Laporan Wartawan Tribunnews.com, Yanuar Riezqi Yovanda
TRIBUNNEWS.COM, JAKARTA - International Monetary Fund (IMF) menyebutkan, ekonomi Indonesia dapat tumbuh melambat dipengaruhi lesunya permintaan dari mitra dagang, lesunya pasar tenaga kerja, dipastikan akan meredam akibat tekanan inflasi.

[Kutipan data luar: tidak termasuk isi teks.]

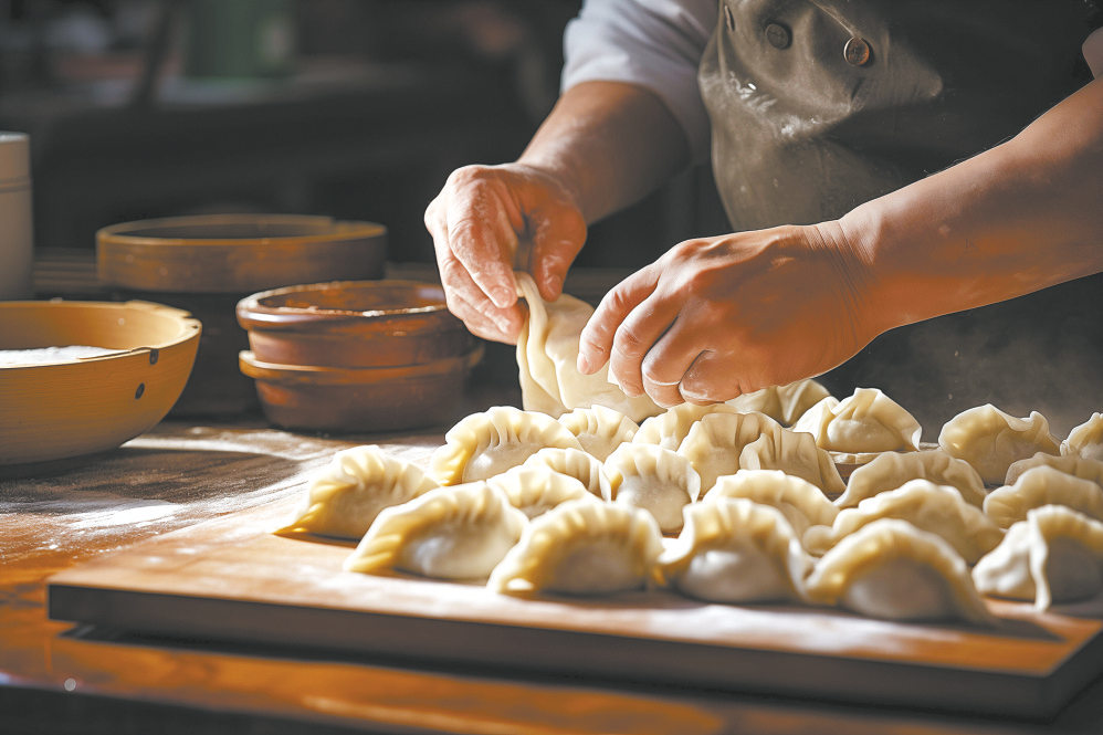 馅是早调好的。竹片挑起一团,不多不少,恰到好处。对折、收拢、一捏、一挤、一推——元宝似的饺子便立在盘中了,肚儿圆鼓,褶子匀密。她包得极快,安静得只有面皮与竹片极轻的摩擦声,和她均匀地呼吸。可那静里,却仿佛有无声的喧腾。面粉、清水、肉与菜,在她的指挥下,完成一场关于团圆与温暖最朴素也最庄重的交响。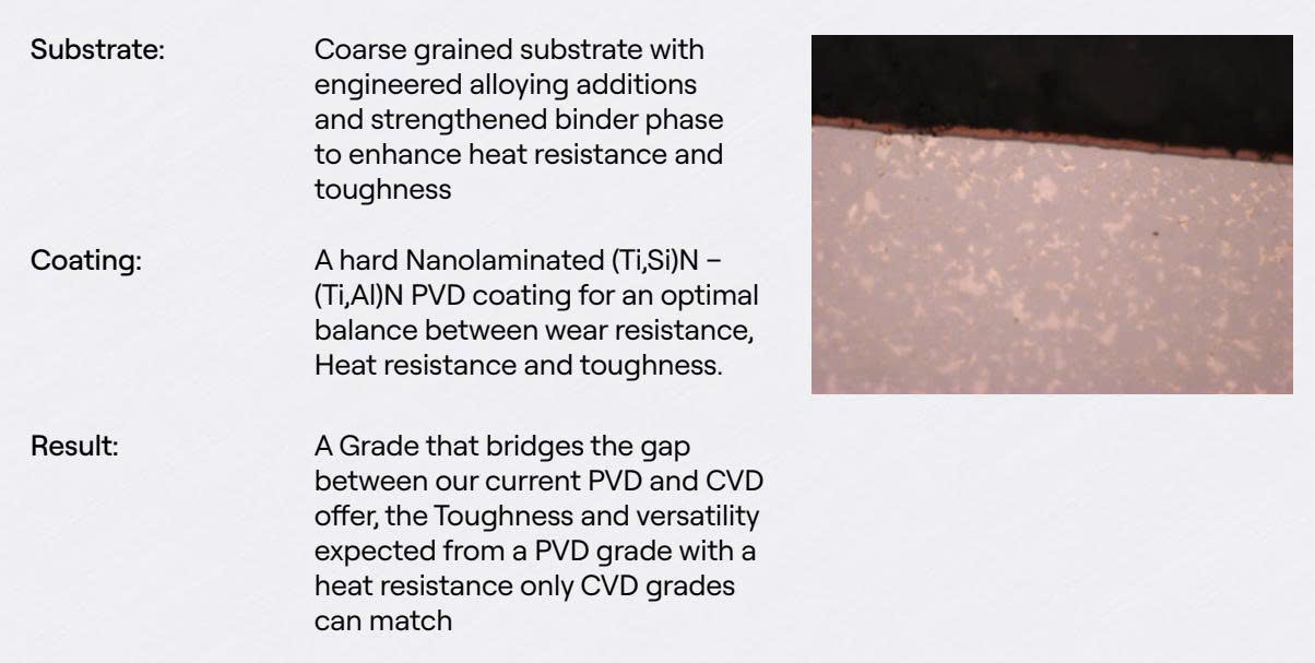 Lớp phủ (Coating): Lớp phủ PVD Nanolaminated (Ti, Si)N - (Ti,Al)N cứng , đạt sự cân bằng tối ưu giữa chống mài mòn, chịu nhiệt và độ dẻo dai.

Tidak itu saja, hambatan dari kebijakan konsolidasi fiskal terkini dan sikap kebijakan moneter yang lebih ketat, yang akan menyebabkan pertumbuhan kredit lebih lambat.
Baca juga: IMF Minta Cabut Larangan Ekspor Nikel, Pengusaha: Pemerintah Harus Berani dan Siap Hadapi Pihak Luar
"Hal ini tentunya menjadi perhatian pengambil kebijakan moneter dan fiskal," ujar Associate Director of Research and Investment Pilarmas Investindo Sekuritas Maximilianus Nico Demus dalam risetnya, Senin (3/7/2023).
Dia mengungkapkan, pasar berharap adanya sinergi antara kebijakan moneter dan fiskal, sehingga ini akan menopang momentum pemulihan ekonomi nasional hingga akhir tahun untuk menjaga perekonomian untuk tetap tumbuh.
"Apalagi dengan adanya endemi pasca Covid 19," katanya.
Sebelumnya, IMF dalam laporannya artikel IV Consultation tahun 2023 memberikan catatan, bahwa pertumbuhan ekonomi Indonesia menujukan pemulihan yang baik pasca pandemic Covid-19.
Pencapaian tersebut tentunya tidak terlepas dari peran kebijakan moneter dan fiscal untuk menjaga dan meningkatkan kinerja makroekonomi menjadi lebih kuat.
Baca juga: Indonesia Sudah Tidak Punya Utang ke IMF, Menteri Bahlil Lahadalia: Lunas Sejak Era SBY
Di mana ditengah ketidakpastian akan kondisi global saat ini yang dipengaruhi dengan inflasi dan suku bunga tentunya menjadi tantangan Indonesia dalam menjaga normalisasi kebijakan moneter dan fiskal sebagai upaya menjaga ekonomi nasional.
"IMF memprediksi pertumbuhan ekonomi Indonesia akan mengalami moderasi di kisaran 5 persen pada 2023. Namun demikian, IMF juga memberikan catatan yang dapat memberikan dampak pada pertumbuhan ekonomi Indonesia tentunya sebagai isyarat agar Indonesia tidak terlena," pungkasnya.